Я швырнула вилку на стол.
— Господи, это тупик.
Макс пил красное вино — один бокал, который он ежедневно себе позволял. Он сделал глоток, пять секунд подержал его на языке, проглотил, смакуя.
— Вы оба замахнулись на невозможное, — заметил он.
— Я сто лет это говорю.
Он пропустил мои слова мимо ушей.
— Ты не сможешь справиться с этим один, — сказал он Крису, и нам обоим: — Глупо так думать. — И мне: — Пора.
— Что «пора»? О чем ты?
— Нужно ей сказать.
Было не слишком сложно объединить эту фразу с предыдущими вопросами и замечаниями. Я ощетинилась.
— Нечего ей обо мне знать, спасибо.
— Не надо играть в игрушки, девочка. Это тебе не к лицу. Речь идет о смертельной болезни.
— Тогда пошлите ей телеграмму, когда я отброшу коньки.

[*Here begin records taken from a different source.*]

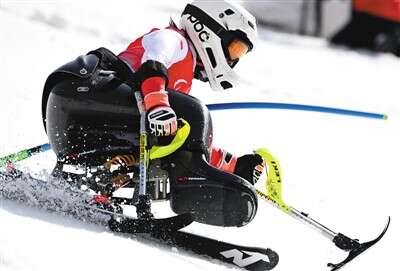 中国选手张雯静在残奥高山滑雪项目女子回转(坐姿)比赛中。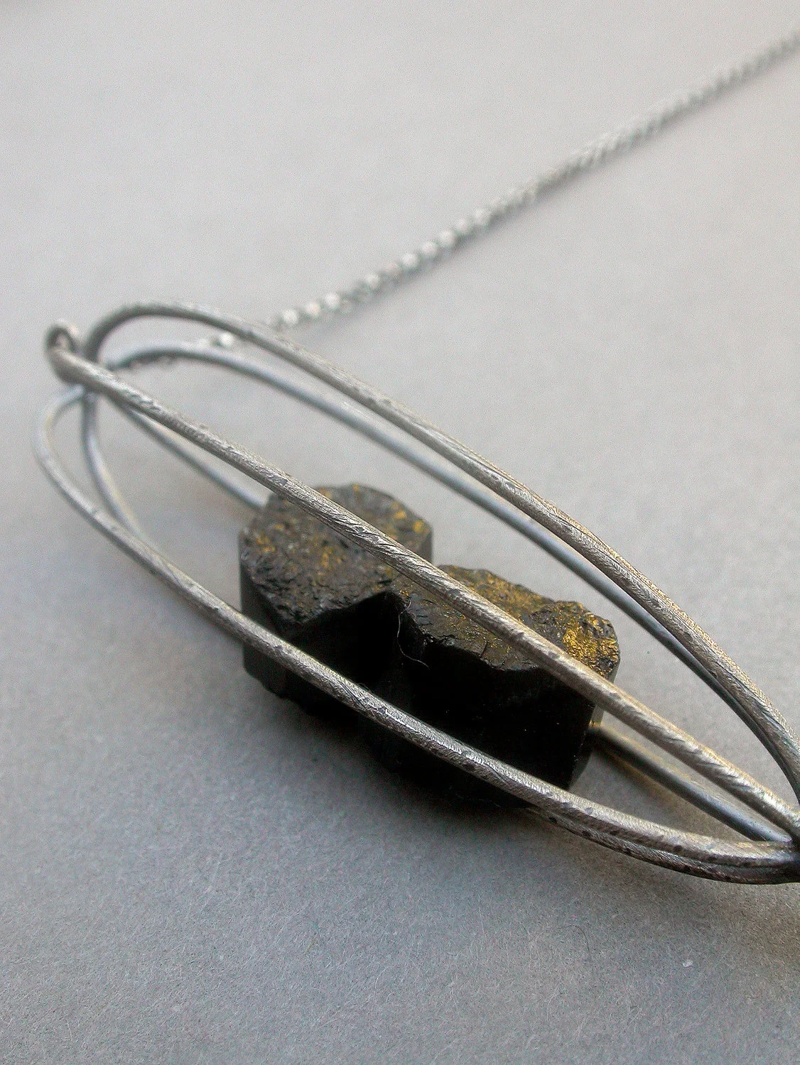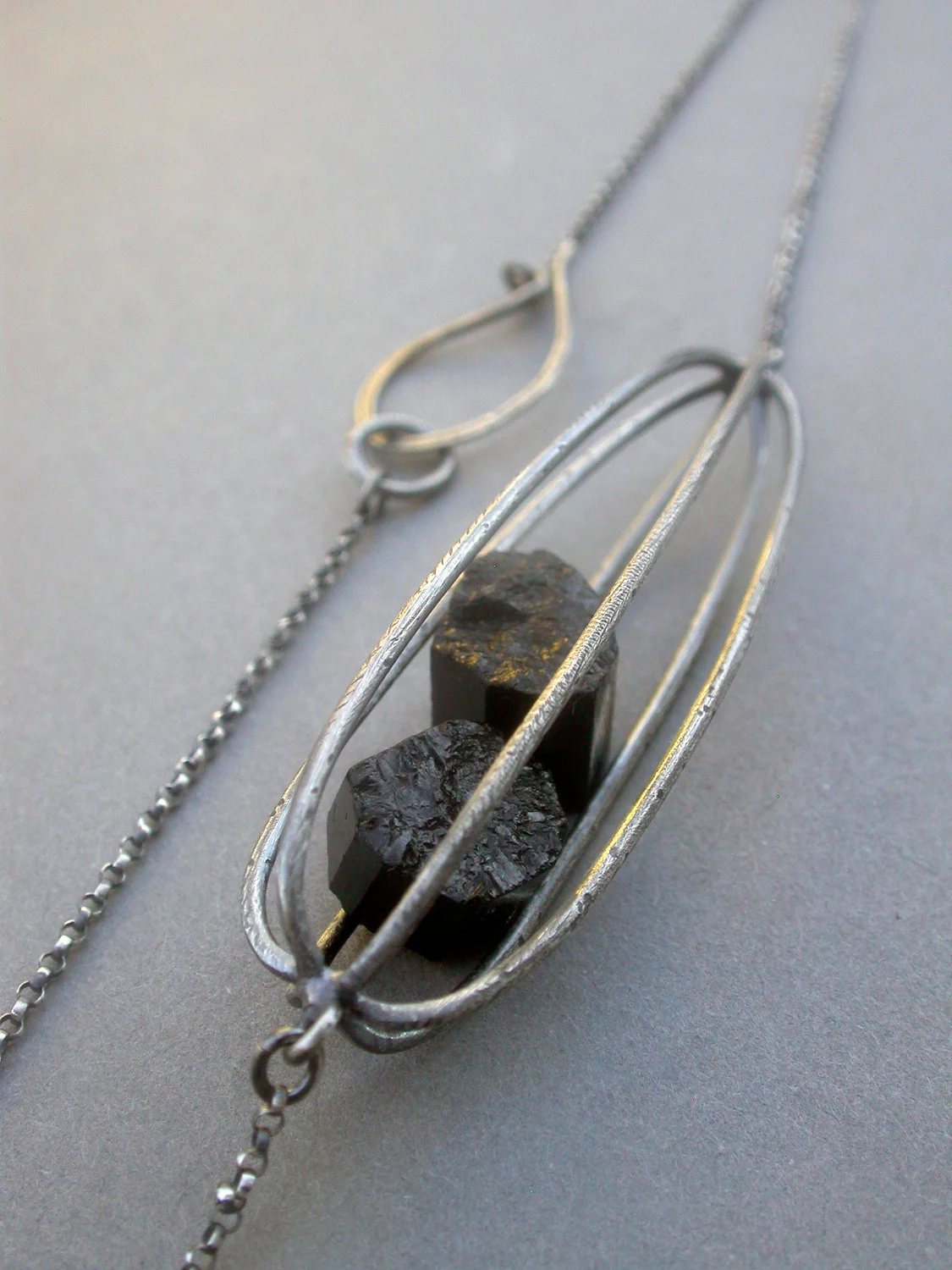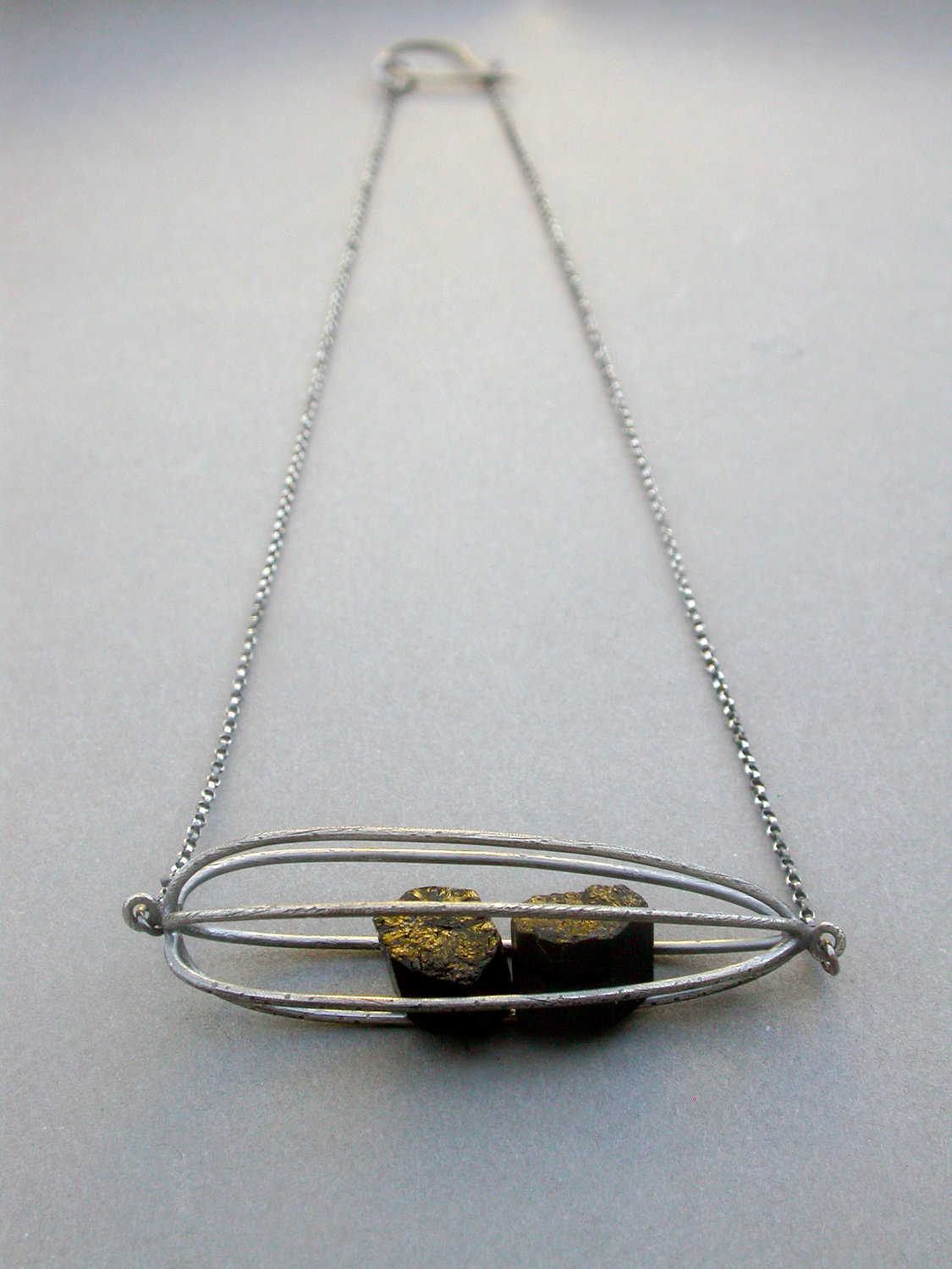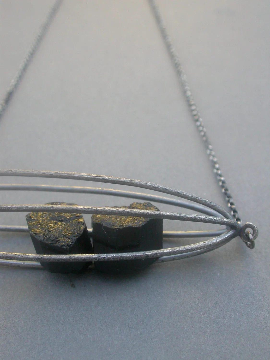 cage pod container rattle necklace modern contemporary art jewelry everday necklace statement necklace black tourmaline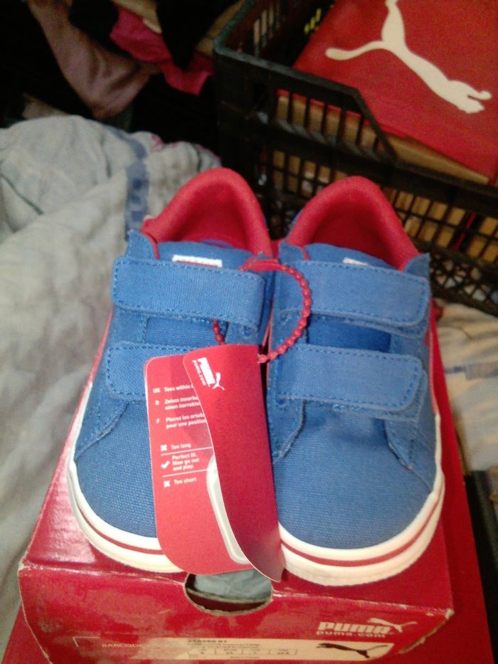 Je vends cette paire de baskets Puma pour enfant. - Type de produit : Baskets - Univers : Enfant - Marque : Puma - Pointure : 23 - Couleur : Bleu ciel - Matière : Textile - État : Neuf avec étiquette Envoi sous 2 a 3 jours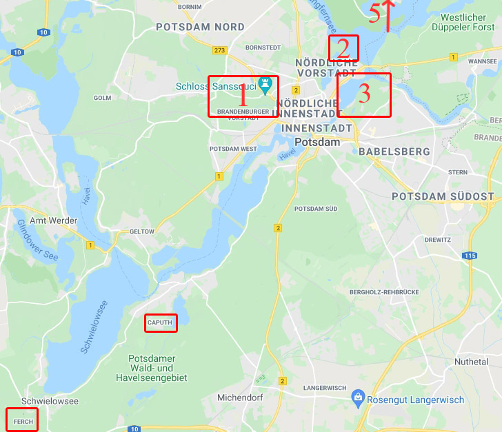 (Lage in etwa) 1 Park Sanssouci, 2 Neuer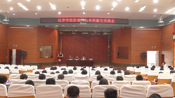 新闻中心讯/4月15日,福州大学化学学院院领导与新生交流会在嘉锡楼1楼报告厅举行,到场嘉宾有化学学院副书记刘旺老师、副院长袁耀锋教授以及团委书记蓝荣聪老师。2013级辅导员单洪勰主持交流会。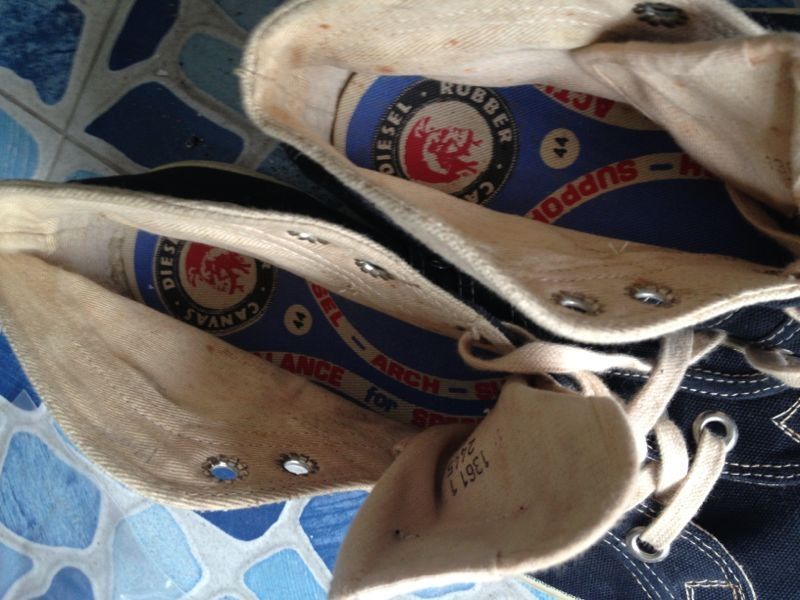 ขาย diesel vintage (rare) เบอร์ 44 สภาพ99% เป็นของเก่าแท้ไม่ใช่ตัวรีโปร ไม่เคยเหยียบพื้นเมืองไทย ใหม่มากๆ ยางนิ่มๆ ผ้ายังแข็งๆ สีน้ำเงินกลม ความยาววัดได้ 29 ซม.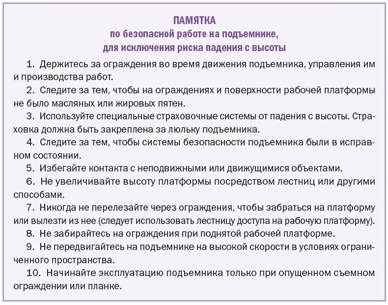 📂 Памятка по безопасной работе на подъемнике, для исключения риска падения с высоты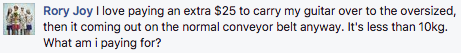 His post has attracted the attention of hundreds of punters, as well as some other musicians who can’t understand the reasoning behind the new ‘oversized item’ fee.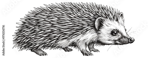 © GRACE, Obraz premium hedgehog Engraving style. Simple pencil drawing vector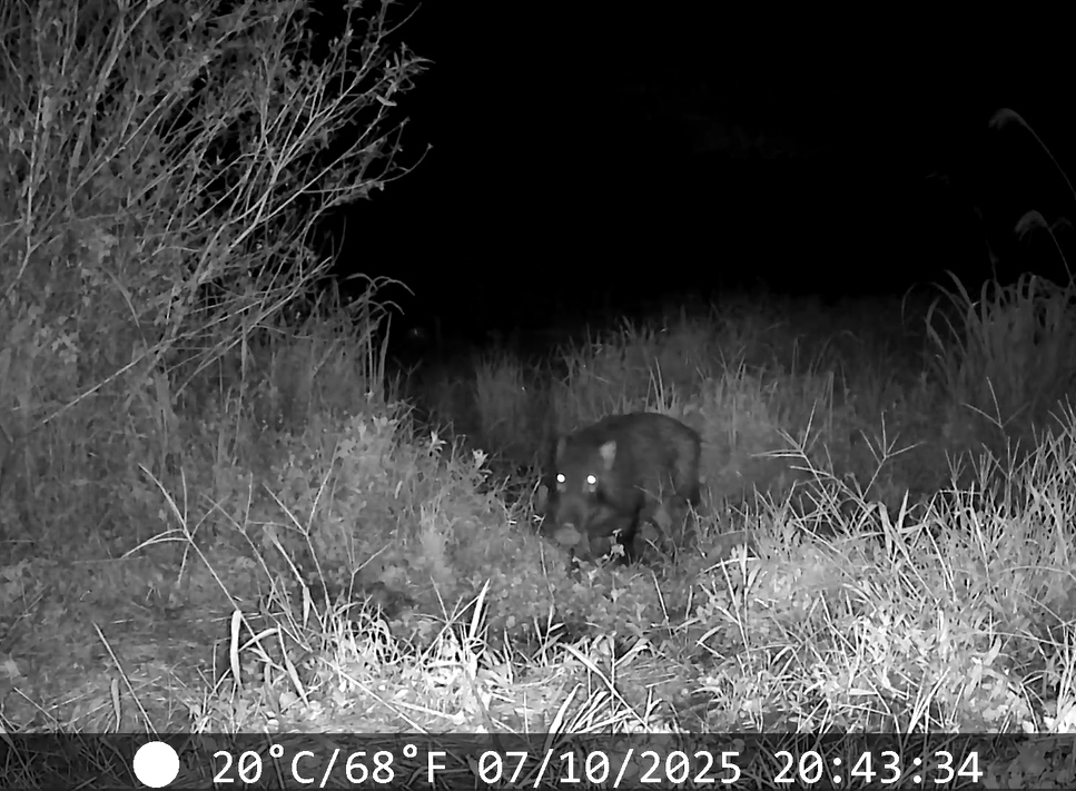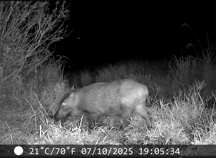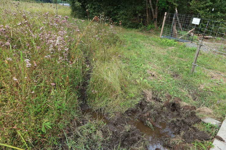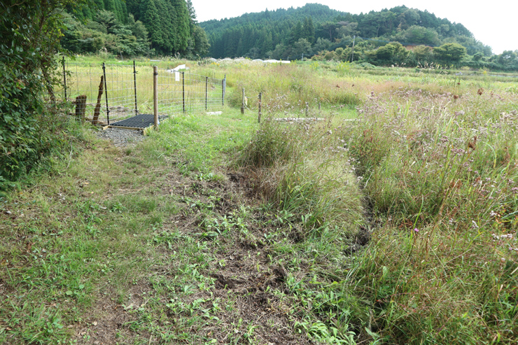 監視カメラその2は、その1の先にある水路を渡った土手横に設置してあります。先日、このカメラに、その1カメラに写らなくなったイノシシ成獣が写っていました。どうやってここに来たのか?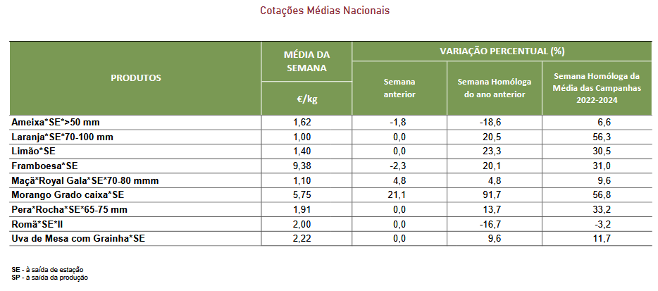 Cotações – Frutos frescos e secos – 6 a 12 de outubro de 2025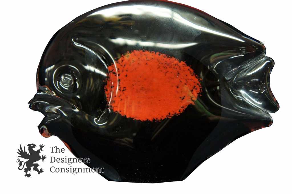 Stunning Hand Signed Red Art Glass Fish Paperweight Piranha Black Red Glass Vtg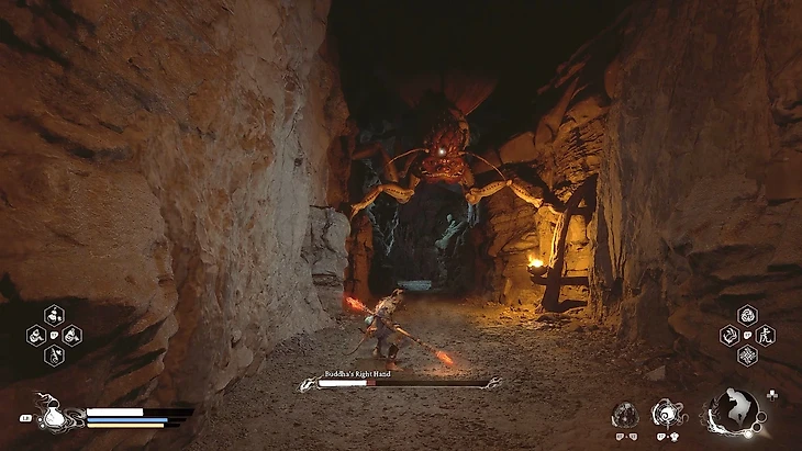 Один из таких боссов – Правая рука Будды (или Buddha’s right hand). Бой с ним состоится в четвертой главе Black Myth Wukong. Босс располагается в средней части Паутинной лощины. Сражение с ним обязательно для того, чтобы пройти дальше – в Нижнюю лощину.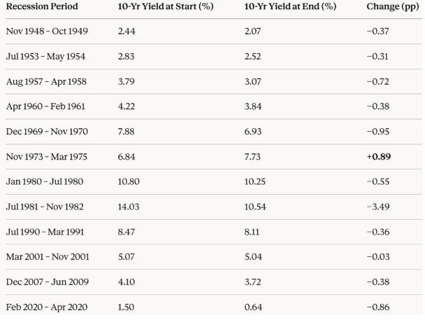 The economic risks from higher oil prices have major historical precedents. All but one of the post-1945 U.S. recessions has been preceded by rising crude oil prices caused by supply disruptions. It has led analysts to implicate oil price shocks as an important “force multiplier” in U.S. slowdowns, even if not the main factor. While recessions have often been precipitated by sharp increases in oil prices, bond prices generally fall during recessions. So far this year, though, oil prices have spiked but bond yields have also moved higher. As shown in the table below, that only happened one other time during every recession since the Second World War. That runs counter to what usually happens in U.S. recessions, during which bond yields decline (despite the adverse impact that recessions have on government tax revenue) and probably help spur recoveries in yield sensitive sectors. The reason it “might be different this time” is that the War could expand the deficit at a time when the US debt load is already high, spurring concerns of eventual monetization and inflation.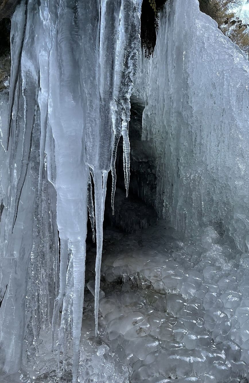 Si vous partez avec des enfants, le plus sûr (et le plus amusant) est d’observer les gorges depuis un rocher stable et de transformer l’excursion en une petite chasse aux glaçons suspendus — ces mini-pics de glace que l’on trouve accrochés aux racines et aux parois couvertes de mousse.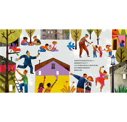 這是以一個真實故事為創作基礎而寫成的美麗繪本,關於藝術走進社區、改變社區的動人故事。我想這本繪本和這本繪本背後帶出的用藝術改變社區的行動,可以給台灣目前也正在時興的彩繪老社區風潮一些啟示。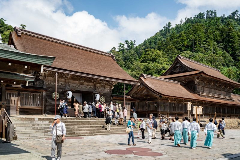 団体観光客の統率をするガイドさんのようで、聞こえてきたのは「そこのしめ縄のある建物を多くの人が訪れますが、本物は更に奥にあるあっちの建物で~す」と。なんだよ今お賽銭入れちゃったよ!と思いながらそのヒントを参考に私も後ろの建物まで回り込みました。門の向こうに更に大きな三角屋根が確認できいかにも本物!という佇まい。仕方がないのでもう一度お賽銭を準備してお参りを...。さっきより一つ多くお願い事をしておきました。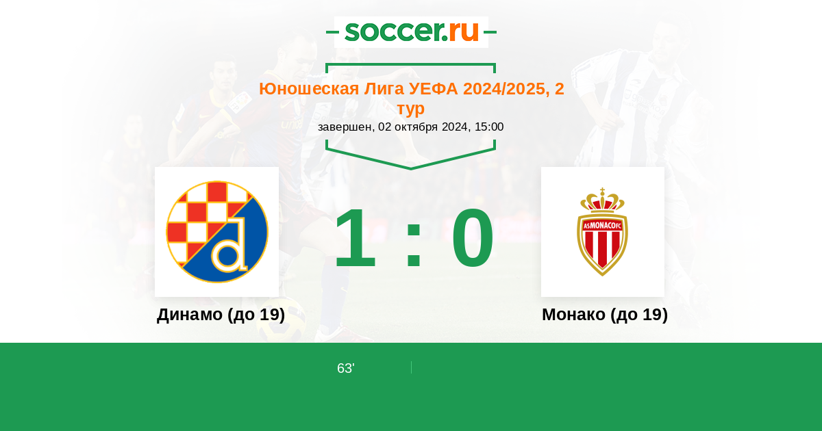 Протокол матча Динамо (до 19) против Монако (до 19)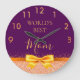 Élégant, classique, glamour et féminin. Un arc de couleur or. Arrière - plan violet. Avec le texte : World's Best Mom. Nombre d'horloge doré de 9 à 3.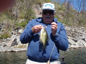It quickly became evident that Art’s preferred means of finding Crappy is, “run and gun”. They are a schooling fish that prefer weed beds – preferably Coon Tail, or any other form of dark structure in shallower water that will absorb solar energy and at the same time provide cover. Even though the boys new the waters well, it wasn’t until our third location that we encountered our first school. We found in total about five schools that day including one on a rock pile in 6-10 feet of water.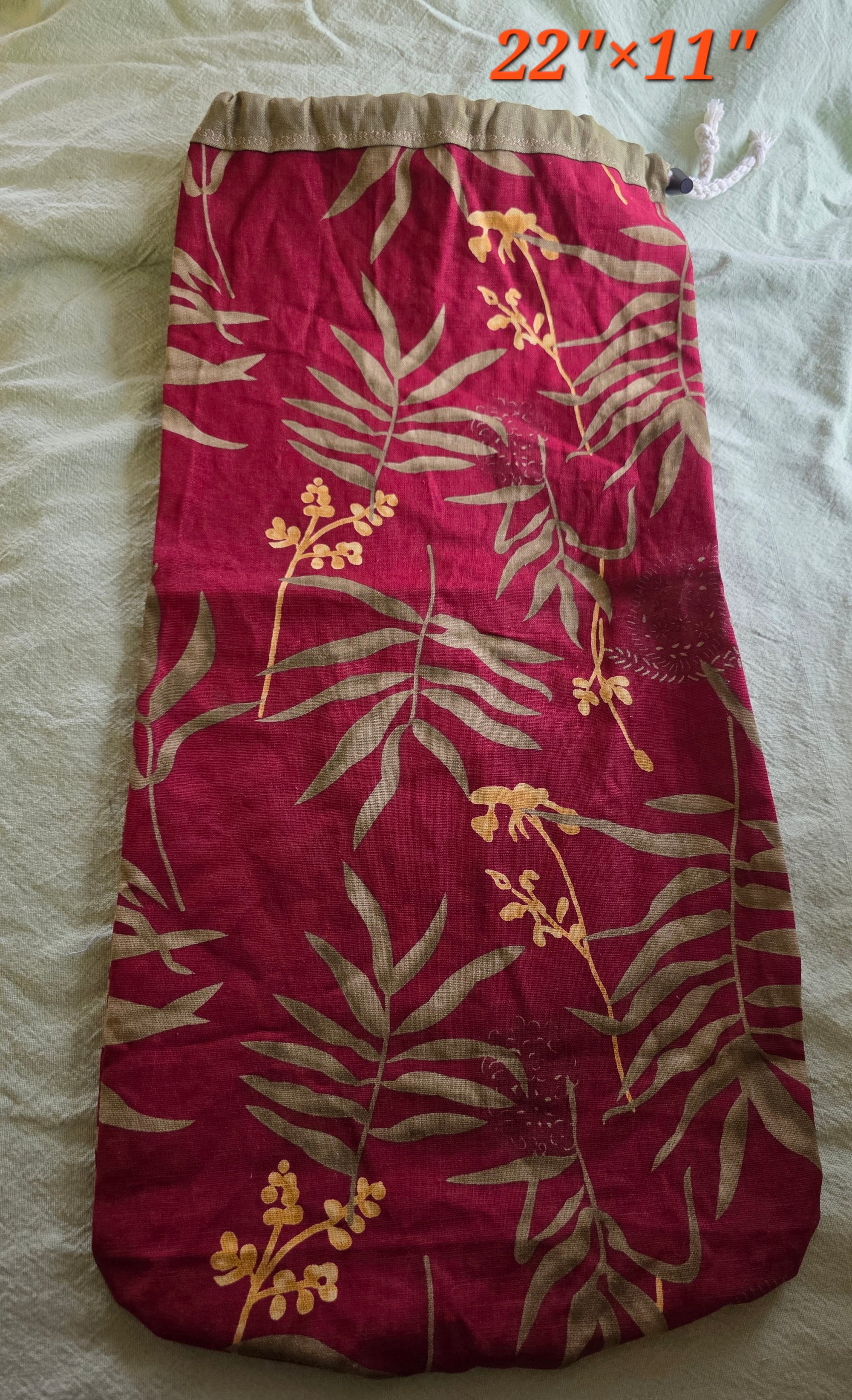 Pure Linen Bread Bag - Olives on Burgundy

— Так-то ты с ней обходишься?
— Око за око. Переживет. Я же пережила.
— Но не это же.
— Я знаю, что умру. Не обязательно мне об этом напоминать.
— Я не о тебе говорил, а о ней.
— Ты ее не знаешь. Поверь мне, эта женщина обладает стойкостью, о которой недотепы вроде нас могут только мечтать. Мою смерть она стряхнет с себя, как капли дождя со своего шикарного зонтика фирмы «Бербери».
— Вероятно, — согласился Макс. — Но таким образом мы отказываемся от ее возможной помощи.